Liang and his wife Lin Huiyin, who also studied at Penn (and was Maya Lin’s aunt), became the most prominent of the so-called “First Generation” of modern Chinese architects. The couple traveled throughout China in the 1930s documenting ancient temples and advocating for their preservation. Later they designed the Monument to the People’s Heroes, an obelisk that still stands in Tiananmen Square. In 1949, Liang developed a plan for Beijing that would have preserved its impressive city walls, watchtowers, and hutong neighborhoods while accommodating new construction outside the historic core. He also served as China’s representative on the team of architects who designed the United Nations Headquarters in New York.

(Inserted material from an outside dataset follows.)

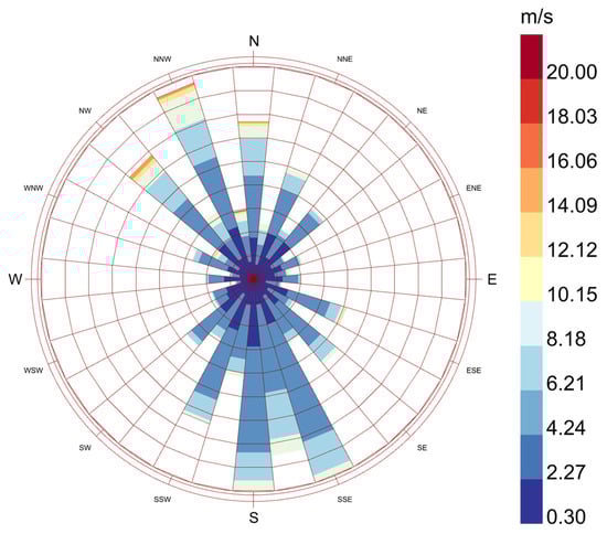 This study utilizes long-term local meteorological data. Based on the wind rose diagram of Qingdao, it is concluded that, as a typical coastal mountainous city, Qingdao has a north temperate monsoon climate with a relatively high annual average wind speed of 4.6 m/s. The prevailing wind in winter is the northeast wind, with an average speed of 3.67 m/s and a maximum speed of 5.2 m/s; the prevailing wind in summer is the south wind, with an average speed of 5.2 m/s and a maximum speed of 6.0 m/s. For the simulation in this study, the summer prevailing south wind with a speed of 5.2 m/s is adopted (Figure 4).
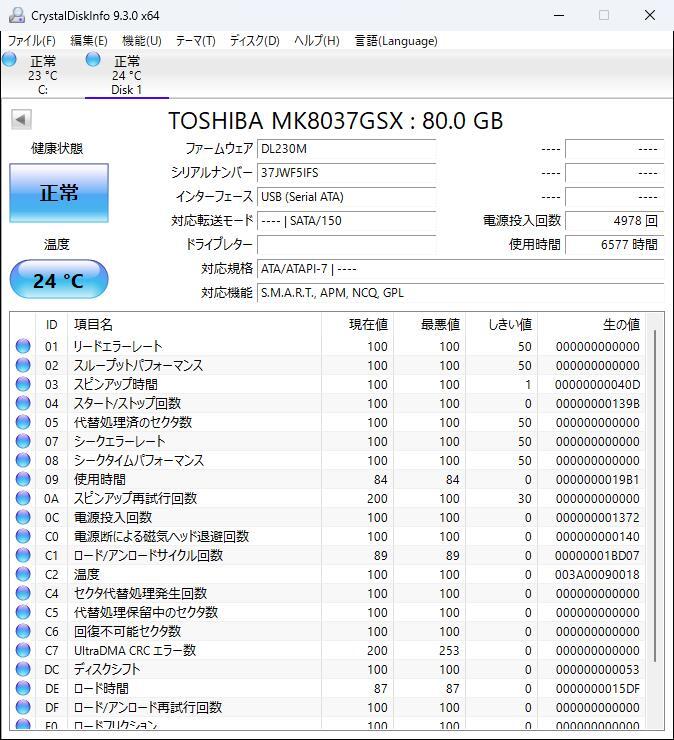 【正常判定】TOSHIBA MK8037GSX 80GB 6577時間使用 (管理番号 T-67)

The first part of the exhibition offers quick biographical information on each of the 23 Chinese students at Penn, photographs of them in Philadelphia, and reproductions of some of their work at the school. It then presents a series of projects they built when they returned to China, using drawings, models created for this exhibition, and photographs. “The work shows a spectrum of approaches and an evolution of styles” from neo-classical to modern, says Lin. It also ranges in building type, from houses and apartment buildings to railroad stations and educational facilities.

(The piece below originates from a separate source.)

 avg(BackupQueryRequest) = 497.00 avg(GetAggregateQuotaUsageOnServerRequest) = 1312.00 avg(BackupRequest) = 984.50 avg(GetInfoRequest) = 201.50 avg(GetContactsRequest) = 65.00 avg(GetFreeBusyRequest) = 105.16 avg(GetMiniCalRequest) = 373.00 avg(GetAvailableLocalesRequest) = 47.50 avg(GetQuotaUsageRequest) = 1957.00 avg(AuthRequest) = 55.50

Upstairs in the Fine Arts Library, the exhibition looks at six recent projects, three by Yung Ho Chang’s Beijing-based firm Atelier FCJZ and three by Wang Shu’s Hangzhou-based firm Amateur Architecture Studio. While both architects work with their wives (Chang with Lu Lijia and Wang with Lu Wenyu), the focus here is on the two men—an omission most evident in video interviews with just the guys. The projects raise critical issues facing architects in China today—from integrating new construction within the fabric of existing communities (as seen in Chang’s Jishou Art Museum in Hunan Province and Wang’s Wencun Village in Zhejiang Province) to finding new approaches to higher education (Chang’s new Liangzhu campus for the China Academy of Art and Wang’s Wa Shan Guesthouse on the Xiangshan campus of the same school). The other two projects—Chang’s Studio Houses at the Dongqian Education Forum on the outskirts of Ningbo and Wang’s Ningbo History Museum—are powerful expressions of a new formalism, the first based on a series of geometric exercises and the second marrying monumental scale with the fine grain of recycled materials like brick and tile.

Empire State Building.

The history section of the exhibition. Photo by Ariel Genadt

The exhibition design by Ariel Genadt, who teaches at Penn and is another curator of the show, accommodates the small spaces (about 1,400 square feet in the archives and 1,200 square feet in the library) by employing simple moves—such as contrasting a few electric-green walls with gray ones and displaying text and images on freestanding, V-shaped screens upstairs, where nothing is allowed to touch the fabric of the Furness building.

Although the show’s two parts seem at first to be separate exhibitions, the gap between them is analogous to China’s leap from the difficult decades of the first half of the 20th century to the ambitious years of the 21st. As a whole, the endeavor serves as a welcome attempt to bridge two eras and the growing divide between the U.S. and China.